New this summer from Doubleday: David Anthony Durham's Acacia.
About the novel, from the author's website:
Leodan Akaran, ruler of the Known World, has inherited generations of apparent peace and prosperity, won ages ago by his ancestors. A widower of high intelligence, he presides over an empire called Acacia, after the idyllic island from which he rules. He dotes on his four children and hides from them the dark realities of traffic in drugs and human lives on which their prosperity depends. He hopes that he might change this, but powerful forces stand in his way.
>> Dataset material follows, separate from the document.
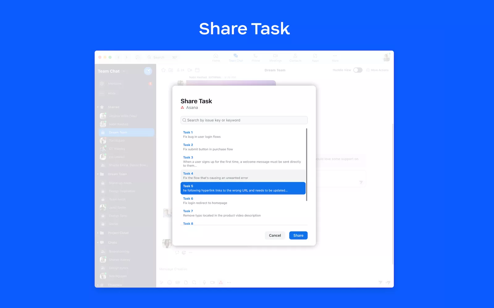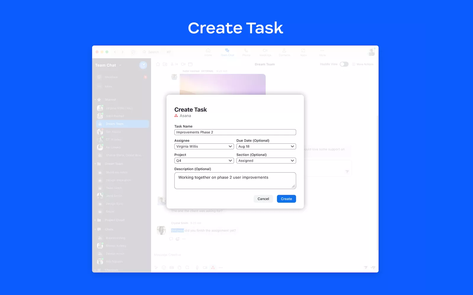 - You can see the task details, complete the task, change the assignee and due date, add it to a project, or open in Asana within Team Chat.

And then a deadly assassin sent from a race called the Mein, exiled long ago to an ice-locked stronghold in the frozen north, strikes at Leodan in the heart of Acacia while they unleash surprise attacks across the empire. On his deathbed, Leodan puts into play a plan to allow his children to escape, each to their separate destiny. And so his children begin a quest to avenge their father's death and restore the Acacian empire — this time on the basis of universal freedom.
Acacia is a thrilling work of literary imagination that creates an all-enveloping and mythic world that will carry readers away. It is a timeless tale of heroism and betrayal, of treachery and revenge, of primal wrongs and ultimate redemption. David Durham has reimagined the epic narrative for our time in a book that will surely mark his breakthrough to a wide audience.